Exercise data.
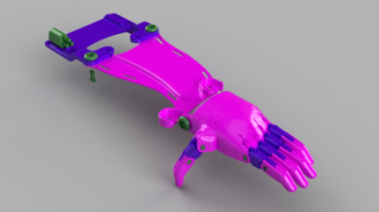 The project team 103 worked on was a left raptor reloaded assembly hand. Using the natural motion of the wrist, the recipient is able to use the prosthetic to grip objects. This assistive device is capable of being adapted into specialized devices such as a drum stick hand or baseball bat hand through other 3D modeling software.
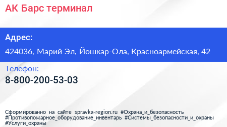 АК Барс, терминал по адресу 424036, Марий Эл, Йошкар-Ола, Красноармейская, 42 в дальнейшем Организация, размещена в следующих категориях:
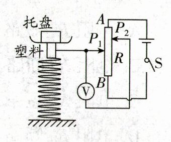 25. (12分)如图所示为某种电子秤的原理示意图,AB是粗细均匀的电阻棒,每厘米长度的电阻值为25Ω,总长度为20cm,两边分别有$P_{1}$、$P_{2}$两个金属滑动触头,触头在电阻棒上滑动时能保持接触良好且没有摩擦,与$P_{1}$连接的金属棒左端和绝缘塑料固定.已知弹簧的弹力F与弹簧的压缩量x的关系是$F= 300x$(其中弹力的单位是牛顿,压缩量的单位是米),托盘中未放物体时,$P_{1}$在电阻棒上端A点下方1cm处,电源电压为20V,托盘上未放物体时,电压表读数应为零,g取10N/kg,问:

What you are asked to do.
Return all of the data exactly as written, and drop the pictures.

Exercise answer.
 The project team 103 worked on was a left raptor reloaded assembly hand. Using the natural motion of the wrist, the recipient is able to use the prosthetic to grip objects. This assistive device is capable of being adapted into specialized devices such as a drum stick hand or baseball bat hand through other 3D modeling software.
 АК Барс, терминал по адресу 424036, Марий Эл, Йошкар-Ола, Красноармейская, 42 в дальнейшем Организация, размещена в следующих категориях:
 25. (12分)如图所示为某种电子秤的原理示意图,AB是粗细均匀的电阻棒,每厘米长度的电阻值为25Ω,总长度为20cm,两边分别有$P_{1}$、$P_{2}$两个金属滑动触头,触头在电阻棒上滑动时能保持接触良好且没有摩擦,与$P_{1}$连接的金属棒左端和绝缘塑料固定.已知弹簧的弹力F与弹簧的压缩量x的关系是$F= 300x$(其中弹力的单位是牛顿,压缩量的单位是米),托盘中未放物体时,$P_{1}$在电阻棒上端A点下方1cm处,电源电压为20V,托盘上未放物体时,电压表读数应为零,g取10N/kg,问:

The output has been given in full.